You can’t help but laugh. Has Turkey suddenly changed its currency from Lira to Euro? You shake your head, your eyes at the jacket and your laugh downgrades into a smile. “Just looking around for today, thank you.”
You leave the man standing, and continue on your exploration of the Grand Bazaar. Your laughter wasn’t due to him asking for Euros instead of Turkey’s currency or the fact that you spoke with him in good English—making it clear that you come from United States or an English-speaking country—but the fact that the jackets and sweaters were fake.
Grand Bazaar’s Alleys
From there, you notice that the Grand Bazaar has alleys. You reach the first alley—a four-way intersection. You turn your head left and right to see the stores on either side, but you come to realize that you’re better off continuing on the same route you entered from, at least until you reach deeper into the Grand Bazaar.
The Grand Bazaar is design as such: many routes come together, crossing one another. Over a hundred shops, each showcasing their products. As it’s the morning, you also find some shop owners mopping front of their shop, as you noticed once you entered. Other shop owners gathering around a table, drinking tea and having borek or other breakfast meal, talking amongst themselves.

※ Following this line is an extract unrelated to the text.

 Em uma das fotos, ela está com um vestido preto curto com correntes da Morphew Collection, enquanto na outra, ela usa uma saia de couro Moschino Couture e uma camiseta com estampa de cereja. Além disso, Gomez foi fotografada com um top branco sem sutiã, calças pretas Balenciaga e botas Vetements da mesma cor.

You continue walking, sometimes moving into another alley. You distance yourself from shops, and tend to view them with your eyes from afar. One shop attracts you, and forces you to grab a closer look. The shop sells Turkish delights, tea and other sweets. They’re all displayed in glass boxes with lights shining down below at them—without giving the sweets a choice other than being the center of attention. You raised your eyes, they dig deeper into the shop, gazing at the more colorful Turkish delights. The owner is arranging them by color. He looks at you for moment, smiles, but remains silent, returning to the Turkish delights in front.

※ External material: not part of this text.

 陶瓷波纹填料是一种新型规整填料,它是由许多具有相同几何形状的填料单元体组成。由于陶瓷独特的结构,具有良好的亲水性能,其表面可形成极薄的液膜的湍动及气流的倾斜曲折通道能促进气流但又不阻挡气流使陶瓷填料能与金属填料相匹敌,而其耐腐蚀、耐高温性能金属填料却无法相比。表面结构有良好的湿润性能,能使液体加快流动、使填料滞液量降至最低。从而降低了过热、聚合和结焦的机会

You leave the shop, and continue walking, leaving the heart of the Grand Bazaar. There are many shops with different items: clothing, jewelry, tea, sweets, rugs, perfume, souvenirs and much more, but you quickly gaze over them. In one side, there’s the old Grand Bazaar which you enter it for a moment but quickly leave as it’s not an immersive experience.
And the Grand Bazaar is like this, a maze that can get any first time visitor lost. With many shops seemingly identical, it does not help with the cause. The moment you enter this maze-like bazaar, expect to smell cigarettes, perfume, and some sweets such as Turkish Delights. Allocate an hour if you’re looking to explore the alleys and the old Grand Bazaar—where it’s less busy with shops of jewelry. Be cautious in purchasing items, make sure the cost equals the quality.